Афористический стиль, напротив, предполагает особую насыщенность кратких, избирательных моментов любовного общения. Каждый живет своей жизнью, мало ли в ней всякой скучной рутины и стоит ли отягощаться ею вдвоем? Зато оставляем друг для друга самое лучшее: если совместный обед – то раз неделю в дорогом ресторане; если концерт – то самый звездный; если ночь вдвоем, то нечасто и уж конечно не для сна, а только для любви. Афоризм как жанр предполагает краткость, насыщенность, незабываемость единственной встречи, даже одного взгляда; а как стиль – это любовные эссенции и сентенции, выделенные из разреженного раствора повседневности; это не будни существования, а праздник смысла.
Каждая любовь тяготеет либо к афористичности, либо к энциклопедизму, и оба эти стиля по-своему законны и хороши. Плохо бывает лишь если один из любящих, чаще мужчина, – афорист, а другой, чаще женщина, – энциклопедистка. Ей хочется, чтобы он проводил с ней дни и ночи напролет, по всему энциклопедическому кругу быта и бытия; а ему хочется приберечь для нее лучшие моменты своей жизни, сыпать блестками ярких афоризмов. Приходится искать компромисс в промежуточных жанрах, например в антологии, где отобрано лучшее из лучшего, но расположено не рассыпчато и осколочно, как афоризмы (что и значит, собственно, «осколки»), а в определенном порядке и с длинными выдержками. Любовь в стиле антологии – это полусовместная жизнь, где от любви отобраны не только яркие строки, но и обширные пассажи, выделенные многоточиями, поскольку их менее выразительные начала и концы уходят в область раздельной жизни.
Разные любовные стили определяются также соотношением текста и подтекста, значением контекстуальности и интертекстуальности. Любовный текст – совокупность всех знаковых выражений любви, начиная с пристальных взглядов и кончая физическими и юридическими атрибутами совместной жизни. Но бывает, что любовь остается в подтексте, то есть выражена неявно, уклончиво, косвенно; или в затексте, то есть вовсе не выражена; иногда же она создает противотекст (контратекст), знаки которого противоположны скрываемому значению.

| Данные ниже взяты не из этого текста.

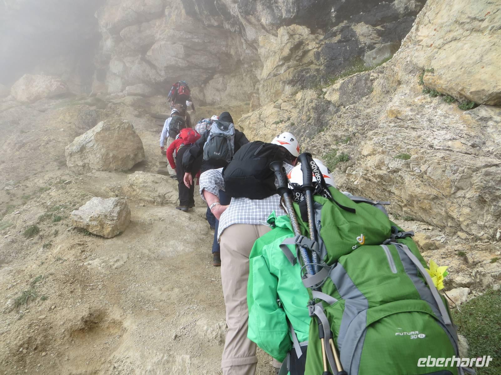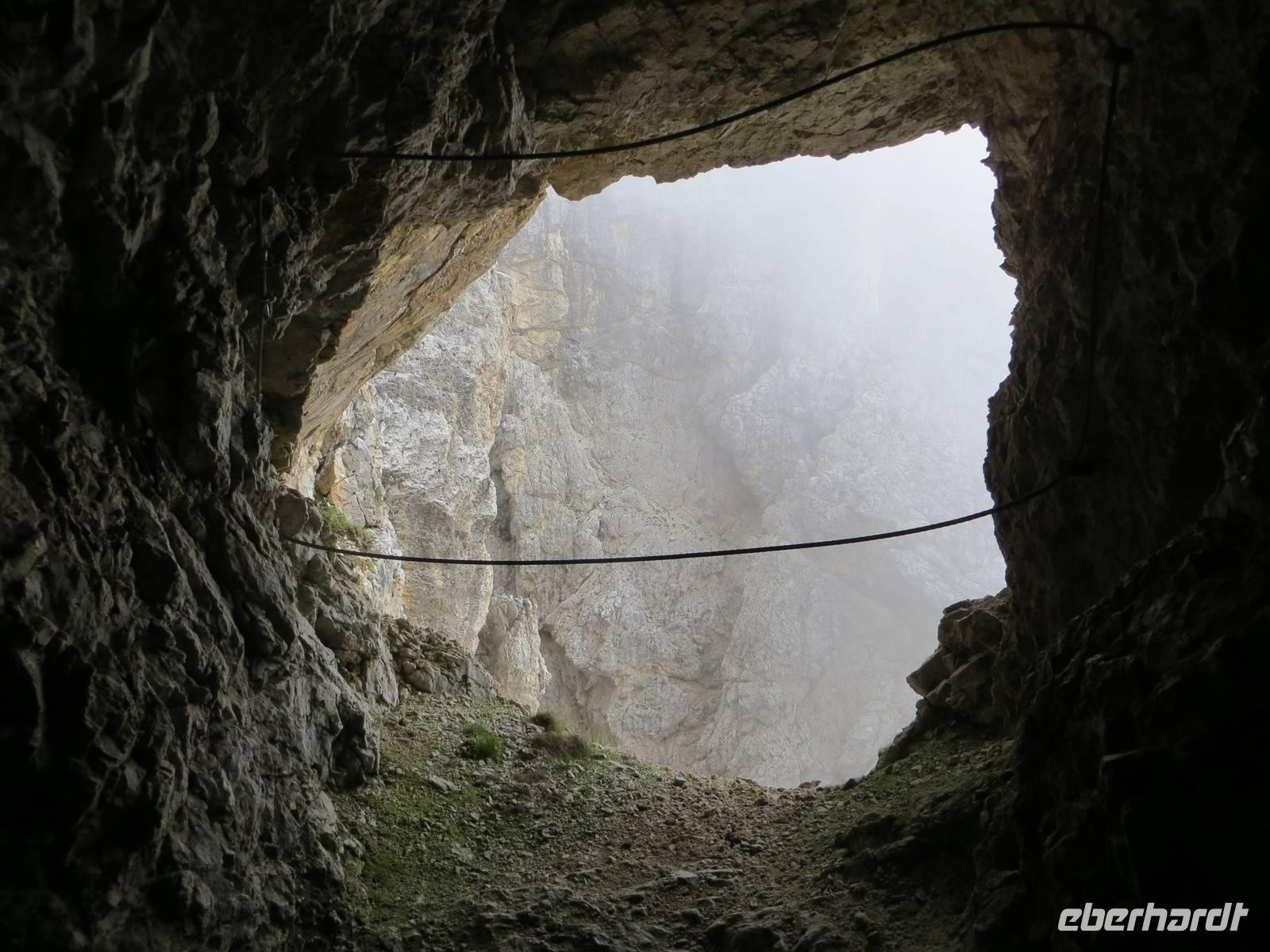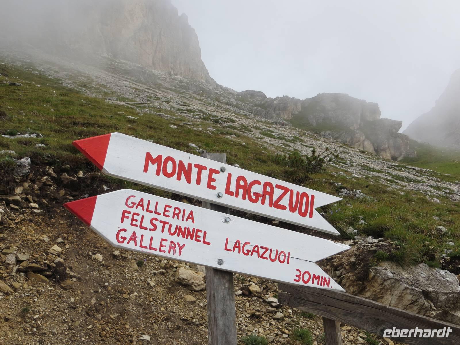 Was macht m,an an einem Tag mit Regengefahr und tiefen Wolken? - eine Tour, die nicht zu lang ist und sehr felsorientiert ist:. So entschieden wir uns für den Alpinisteig am Lagazuoui, zumal er auf über einem Kilomneter im ausgehölten Felsen aufsteigt. Am ersten Wandertag war vielleicht die Konditionierung noch nicht so gut vollzogen aber alle hatten gute Bergerfahrung. Vorab prüften wir die vorhandenen Stirn- und Taschenlampen und mieteten Klettersteighelme am Falzaregopass. Nach neun Uhr stiegen wir zunächst über den Hang aufwärts zum Lagazoiu. Unser Wegziel war ein Alpinisteig, ein Weg, den im ersten Weltkrieg die italienischen Alpini-Soldaten - und die kaiserlichen Soldaten der Österreicher machten es ebenso - in den Berg trieben. Über einige mit Drahtseil gesicherte Stellen erreichten wir den Stollen, der 1915 in den Berg getrieben wurde. Nun ging es vierzig Minuten im meist dunklen Kriegsstollen hinauf. Die Touristiker der Neuzeit haben Schwellen quer gelegt, so dass Stufen entstanden. Immer mal wieder ein Loch durch den Fels mit Blick in den Abgrund voller Wolkendunst, einst waren dies waren dies Geschütz- und MG-Stellungen an der „Dolomitenfront" - Weltgeschichte vor nunmehr fast hundert Jahren. Zehntausende Opfer forderte der Stellungskrieg in den Dolomiten; hunderte am Lagazoiu.

Чеховский рассказ «О любви» – прозрачнейший пример любви, загнанной в подтекст совокупностью жизненных обстоятельств: она – чужая жена и мать, он – друг семьи и порядочный человек, остается лишь читать это безмолвное чувство в глазах друг друга и подавать знаки дружеского внимания и заботы.
Любовь – затекст с эмблематической сжатостью обозначена в стихотворении Генриха Гейне, переложенном Лермонтовым: «Они любили друг друга так долго и нежно…», но «были пусты и хладны их краткие речи».
Любовь-противотекст – частый в отрочестве и юности случай откровенной враждебности, за которой скрывается глубоко таимое и ранимое чувство. Пример такой «контрасимпатии» можно найти в эпилоге «Доктора Живаго» Бориса Пастернака. Студентка Христина Орлецова яростно разносит преподавателя Дудорова, устраивает ему идейные проработки, высмеивает в стенгазете. Но «вдруг по совершенной случайности выяснилось, что эта закоренелая вражда есть форма маскировки молодой любви, прячущейся и давней» (ч. 16, гл. 2).
Любовь может быть контекстуальна, возникать как знак заполнения некоего пробела в тексте жизни или судьбы. Самый вульгарный случай контекстуальной любви – продвижение по лестнице жизненного успеха, требующее знаковой смены партнера: прежний не вписывается в новую модель жизнеустройства, в директорский или дипломатический стиль поведения. Далеко не всегда по расчету заключаются лишь формальные браки, любовь тоже может возникать в «контексте»: по недостающему знаку подбирается значение и чувство. Провинциальный юноша вырастает в поэта или генерала, ему становятся тесны узы первого брака, и он влюбляется в знаменитую актрису или в дочь министра… Обыкновенная история.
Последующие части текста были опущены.